Sun in Winter: A Toronto Wartime Journal, 1942–1945

Description

286 pages
Contains Photos, Illustrations
$34.95
ISBN 0-7735-2582-3
DDC 971.3'54103'092

Year

2003

Contributor

Christopher English is a professor of history at Memorial University of
Newfoundland and the author of A Cautious Beginning: The Emergence of
Newfoundland’s Supreme Court of Judicature in 1791–92.

Review

Born in Germany to an English mother, married to an American expatriate
in London and pregnant with her second child, Gunda Lambton shipped out
as part of the last government-sponsored evacuation of refugees to
Canada in 1940. Thereafter, despite the ever-present spectres of
financial stringency, sudden unemployment, discriminating landlords, and
a feckless absentee husband, she strove single-mindedly to provide for
her two girls, to improve her material and professional prospects, and
to realize her talents as a visual artist. Her diary of these years of
challenge and exploration offers fascinating insights into a woman of
grace and wit historically (and sometimes literally) frozen in a Toronto
that is unrecognizable now.

She often scrimped to get by. With pre-war breadwinners away at war,
families welcomed the extra cash that boarders could offer, but the
price was overcrowding, unwelcome noise, frazzled nerves, and the
tensions imposed by shift work, long commutes on public transport,
inadequate or non-existent daycare, and constant worries and
uncertainties about absent family and the future. A rare family summer
holiday on Lake Huron demanded frugal camping and, crucially, quitting
her job. Lambton coped, with determination, practical optimism, and the
support of friends on the shop floor and in the city’s literary,
artistic, and academic circles. To visit or house-sit in Rosedale or
Forest Hill was to travel to a foreign land. And it appears to have been
true: wartime winters really were more severe than those today!

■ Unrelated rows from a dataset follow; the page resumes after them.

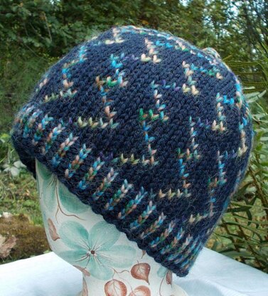 Bolts of Lightning zigzag up the sides of this hat, merging on the crown to form decorative diamonds, topped off with an I-cord “button”.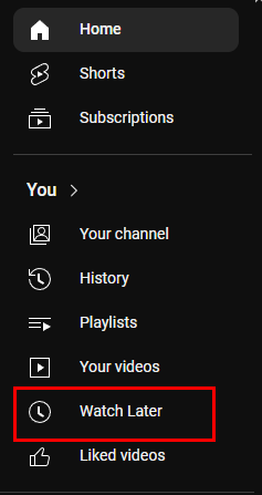 - Click on Watch Later located at the left side of the screen.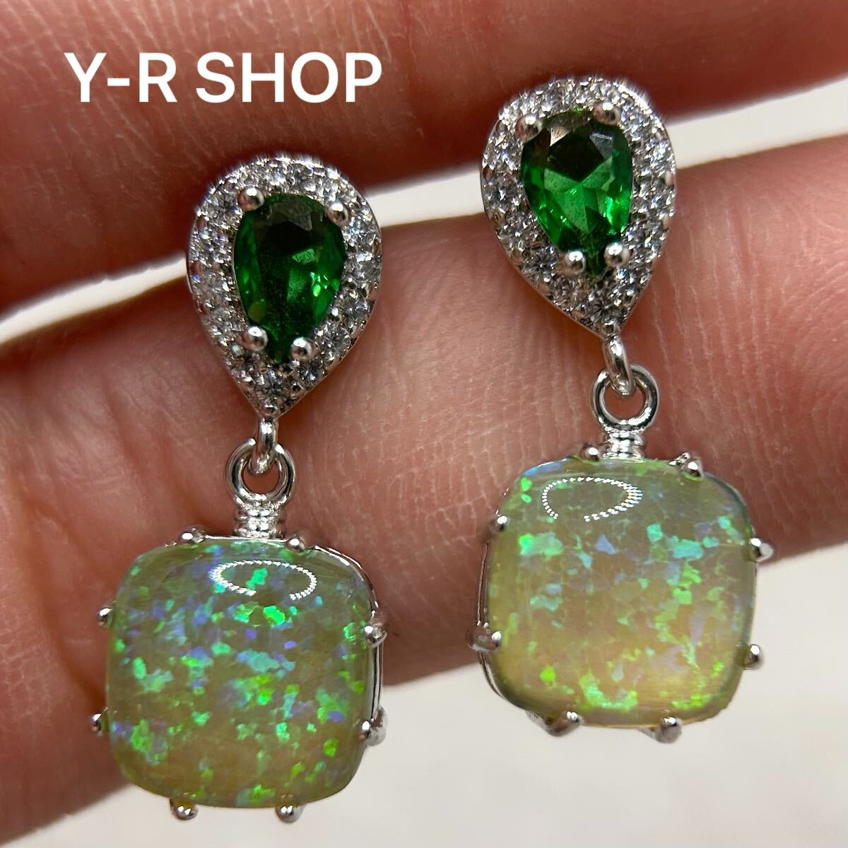 > エメラルドとグリーンファイヤーオパールのゆらゆらピアス★レディースシルバー 925刻印カラーストーンアクセサリー新品宝石Y-Rハワイアン

Her vignettes are beguiling: North of Eglinton Avenue lay fields;
Malton, where she read blueprints and inspected Lancaster bombers, was a
sometimes uncertain adventure on rural roads. She describes the treat of
a Christmas trip for the children to be photographed on Santa’s knee
at Eaton’s; the enjoyment of nature at Lake Simcoe or Wiarton; the
intellectual excitement of walking and talking with a young Nathan
Cohen, fresh from the Maritimes; the solidarity that bound academics,
artists, and workers united by memories of the Spanish Civil War, the
rise of fascism, and the near defeat of the George Drew Conservatives in
Ontario by the CCF in 1943. Less positive were the deference and
supportive role demanded of women, the demeaning nature of the divorce
laws, and a conversation (of which Lambton provides a moving account)
with another wartime “displaced person,” a Canadian citizen of
Japanese heritage, employed by a doctor uncle but as marginalized and
vulnerable as Lambton. Through it all her little family, and, at war’s
end, her extended family in England and Germany survived.

Remarriage, more children, a career as an artist, and the final move
from eastern Toronto to Quebec deserve a second volume. Meanwhile, this
study of Toronto in the war years—its attractions, bleakness, and
blemishes—could only have been written by a sympathetic but not
uncritical refugee and future citizen.